На вид трактор неказистый. Но все в нем надежно и просто. Сколько же крестьянской работы переделал этот четырехколесный труженик! И в своем хозяйстве, и у соседей. Стоило кому–то из них попросить: «Казик, надо привезти...» Или вспахать, или забороновать... «Надо — значит, сделаем». И весь ответ. И все знали: отказа не будет. Так уж устроен этот человек...
А летний день между тем катился к полудню. Изнуряющей жары не было. И все–таки мы присели в тенек на любимую скамейку Казимира Владиславовича. Когда–то он присаживался на эту скамейку всего на несколько минут, чтобы только перевести дыхание. Но вот пройден перевал с отметкой 80. Теперь на скамейке в холодке можно посидеть и час, и два. Послушать, как заливаются птицы в саду, как клекочут аисты в гнезде, как под легким ветерком перешептываются между собой листья яблонь и груш. И вспоминать, вспоминать...

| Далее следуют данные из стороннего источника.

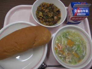 今日の給食は、牛乳・コッペパン・カレーソース・レタススープ でした。
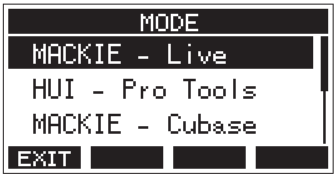 Für die DAW-Fernsteuerung muss Model 12 in den passenden Modus versetzt werden. Drücken Sie den Menu-Button und scrollen Sie mit dem Multi-Jog-Encoder nach unten, bis DAW CONTROLLER erscheint. Drücken Sie den Push-Encoder, um in das Auswahlmenü zu kommen. Wählen Sie das für Ihre DAW passende Protokoll, in unserem Fall MACKIE – Live.

— Вон там, — Казимир Владиславович указал на кирпичный дом в шагах двадцати от нас, — я и родился в 1929 году. А этот дом отец построил в тридцать седьмом. За два года до своей погибели...
Он внезапно замолчал, как будто натолкнулся на невидимую стену. А может быть, сработал стопор: жизнь научила молчанию. Но, преодолев внутри себя сопротивление, продолжил рассказ.
— Отец мой был войтом. Старшиной сельской общины (по нынешним временам — председателем сельсовета). Его арестовали 17 сентября 1939 года. И еще 8 человек. А через три дня отвели километров за пять от нашей деревни, поставили на краю карьера и расстреляли. Землей присыпать не понадобилось. Их могилой стало болото...
Мама рассказывала, что в царской армии отец был прапорщиком. Воевал с германцем. И получил награду — Георгиевский крест. Люди уважали его за справедливость. Но у новой власти свой резон: служил Польше. Значит, враг... Да и люди не все одинаковые. Один завистник, другой просто злыдень. Всем никогда не угодишь. Отец служил не Польше, а народу, который жил под Польшей...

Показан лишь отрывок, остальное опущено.